Когда 20-летним мальчиком я сел в окопы юго-западного фронта и услыхал впервые стук винтовок, пулеметные очереди и разрывы бризантных снарядов — это подействовало великолепно. Хотелось вылезть, на глазах у всех идти поверху, не обращая внимания на пули, весело насвистывая и любуясь прекрасными бело-розовыми облачками шрапнелей. Я никак не понимал, почему земляк Сенька Новогородцев, капитан всех наград, видавший всякие виды, — от каждого выстрела дрожит дрожмя, пьет водку и шепчет, что убежит с фронта.
Но — все на свете относительно. И — требует эмпирического изучения. От 1916 до 1918 прошло 2 года.
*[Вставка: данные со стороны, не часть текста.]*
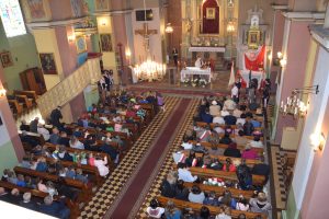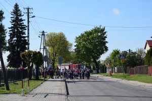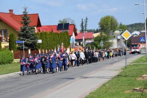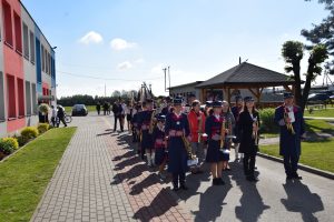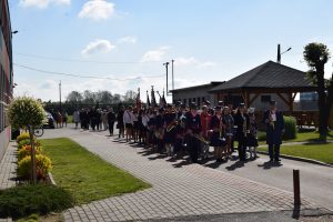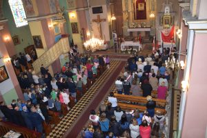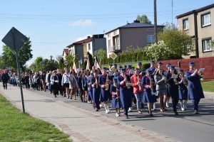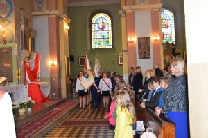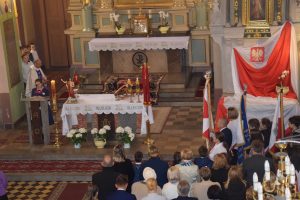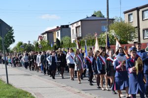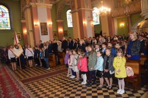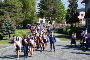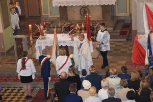 Ceremonia rozpoczęła się od zorganizowanego przejścia orszaku z budynku szkolnego do kościoła na mszę św., podczas której Proboszcz Parafii Sulmierzyce, ksiądz Piotr Bednarz, dokonał poświęcenia sztandaru.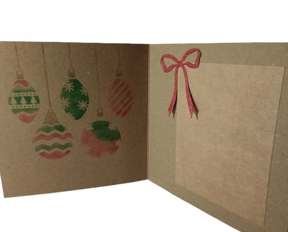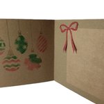 Impression intérieure boules de Noël fait main à l'encre et nœud papier rouge texturé.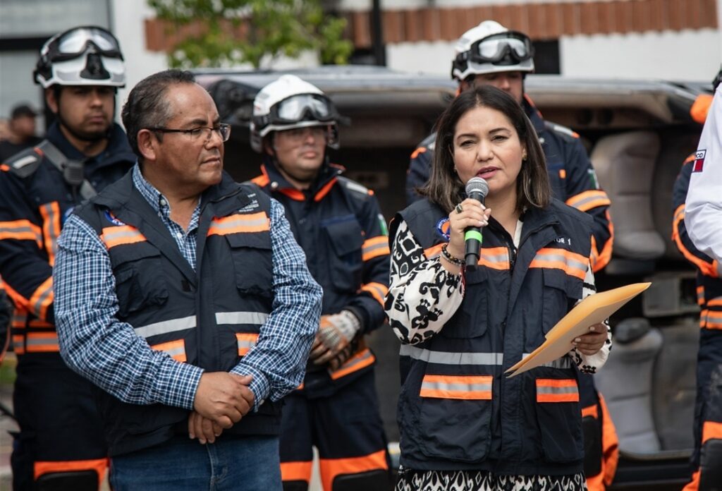 Encabezado por la presidenta municipal, Claudia Martínez Guevara, este simulacro también tuvo el objetivo de conmemorar el Día Nacional de Protección Civil y reconocer la labor que realizan las corporaciones de esta materia.

Пусть в 1918 году я не дрожал, как Сенька, дрожмя. Зато я чувствовал с необычайной ясностью, что выстрелов сделано для меня достаточно. Человек может выстрелами быть «насыщен». И если кто-нибудь захочет в теории «насыщаемости выстрелами» убедиться, то предлагаю ему проверить это «опытно». Только к теории делаю следующее примечание: выстрелы слушаются не с третьего этажа, не из штаба и не по телефону, а в непосредственной близости, так — чтобы даже пыльцу от пуль вокруг себя видеть. Тогда моя теория оказывается безупречной.
И вот я стою в Киеве — вне гула стрельбы. Я, наверное, мог бы тогда изумительно оценить строку Бориса Пастернака: «тишина, ты — лучшее из всего, что слышал». Но я не знал, что где-то есть еще стихи. Четыре года вертел я винтовку. Прекрасные «университеты» — лучше горьковских. И однажды, стоя в три часа ночи посередь киевской улицы, я придумал: уеду на Афон.
Человек предполагает. В Киеве же тогда располагал Петлюра. И когда я решил уехать с ночной улицы на Афон — в Киев, с Дарницы, вступили великолепные синежупанники.
Часть мобилизованных убили. Часть заключили в тюрьму, приспособив для нее… Педагогический музей. И, разделив участь второй категории, под караулом петлюровских жупанников и рыжих баварских гвардейцев, я стал в России 1918 года экспонатом Педагогического музея.
Все это внешне — опереточно весело. По существу ж — тяжело и, быть может, трагично. Но я помню первое прекрасное ощущение: бросаю винтовку образца 1891 года, ем тарелку щей, раздаваемых белоснежными ручками любительницы приключений, и после бессонных ночей сладко вытягиваю ноги. Я сплю.
Общая же историческая картина была тогда такова. Забинтованный под раненого, гетман покидал «неньку Украину» в немецком шнельцуге. Рядом с носилками (он лежал на носилках) стояли уютные металлические сейфы. Павло медленно докуривал гавану, не теряя сейфов из глаз. Полковник гвардии его величества Вильгельма II вошел в купэ.
— Как поживаете, ваша светлость? — улыбнулся он. Павло взглянул сквозь сигарный дым и ответил скучающе:
— Ах, вы не знаете, как трудно управлять Россией! До резво бегущего пульмана доносились выстрелы несущихся мимо белых украинских деревень.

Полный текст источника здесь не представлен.